Hooijer’s modeling does take subsidence into account, but it uses a uniform rate of elevation loss—half a centimeter per year—across the world instead of calculating the rate for each coastline on its own. That wouldn’t be feasible. Still, researchers know that some areas are slumping much faster than that: In parts of Jakarta, for instance, the land is sinking by up to 10 inches a year. By 2050, 95 percent of north Jakarta could be underwater, because the land’s elevation is decreasing while sea levels are increasing. The problem is so bad that Indonesia is planning on moving its capital out of the city.

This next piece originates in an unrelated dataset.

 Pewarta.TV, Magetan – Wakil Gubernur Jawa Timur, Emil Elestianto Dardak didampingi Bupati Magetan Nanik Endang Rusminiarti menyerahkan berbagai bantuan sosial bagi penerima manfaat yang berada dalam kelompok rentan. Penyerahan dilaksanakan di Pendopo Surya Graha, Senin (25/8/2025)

But not all metropolises have come to terms with the subsidence crisis. “Some governments have not admitted to it—that it’s a problem,” says Hooijer. “If you want to make policymakers buy this, you have to be a bit on the conservative side. So we decided to go for a uniform subsidence rate.”

A “huge challenge” is to make sure short-term interventions after disasters like hurricanes Katrina and Sandy, “fit into a long-term planning strategy.”

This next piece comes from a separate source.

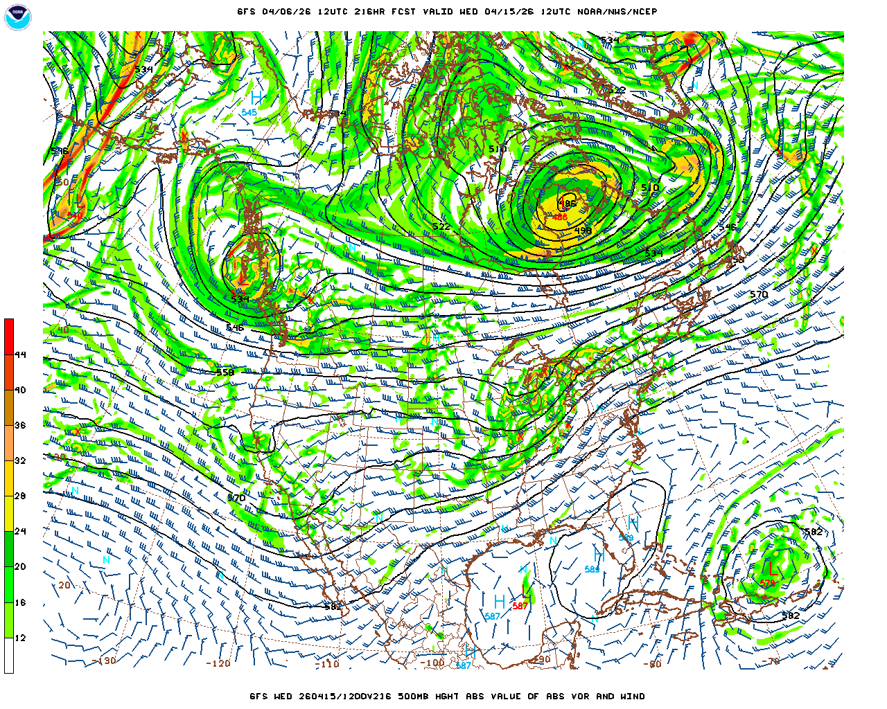 | GFS Analysis Wed 04/15/26 12Z | GFS 9 Day Forecast Valid Wed 04/15/26 12Z | |

This new modeling is also conservative in that it considers sea level rise but not storm surges, which is the sudden rise in water level during a hurricane or tropical storm. Ever more powerful cyclones will push ever more water ashore. While these temporary surges aren’t the same kind of severe, long-term threat as sea level rise that can overtake a metropolis, “a major storm surge can happen tomorrow, having devastating impacts on communities, but also triggering interventions by the government,” writes climate scientist Jeroen Aerts of Vrije Universiteit Amsterdam in an email to WIRED. “A huge challenge is to make sure these ‘short-term interventions’ after major disasters—Hurricanes Katrina, Sandy, Harvey, etc.—fit into a long-term planning strategy anticipating sea level rise. Unfortunately, this longer-term perspective is often missing.” (Aerts studies sea level rise but wasn’t involved in this new work.)

This new data is meant to provide that perspective. But a shortcoming, says Shirzaei of Arizona State University, is that with a resolution of 5 kilometers (about 3 miles), the data collected from orbit is quite coarse compared to what you’d get from lidar taken from a plane or drone. “Those lidar data have a resolution of 5 or 10 centimeters,” Shirzaei says. “The quality is just amazing.”

But the two sources of data could actually work in concert, says Shirzaei. You could use the satellite lidar to identify particularly vulnerable areas—according to this study, places like Bangladesh and Indonesia—then deploy a plane to map the coast in finer detail.

This kind of data could show which coastal areas could be safely fortified against rising tides, and which are now too dangerous for habitation. Texas, for instance, is considering building a $26 billion barrier to hold back the sea near Houston. In other places, it might make more sense to elevate structures to adapt to sea level rise, Shirzaei adds.

But sometimes an engineering solution just won’t be possible. “Some of the adaptation strategies could be that we just relocate the entire community, because for some reason we cannot defend them using in-place structures like sea walls,” says Shirzaei. This is known as managed retreat, and it’s already happening in some cities. San Francisco, for instance, is giving up part of a coastal highway by replacing two lanes with a trail so the land can better hold back rising waters.

Now, NASA’s orbiting space laser might help policymakers make informed decisions about whether it’s safer to stay or go.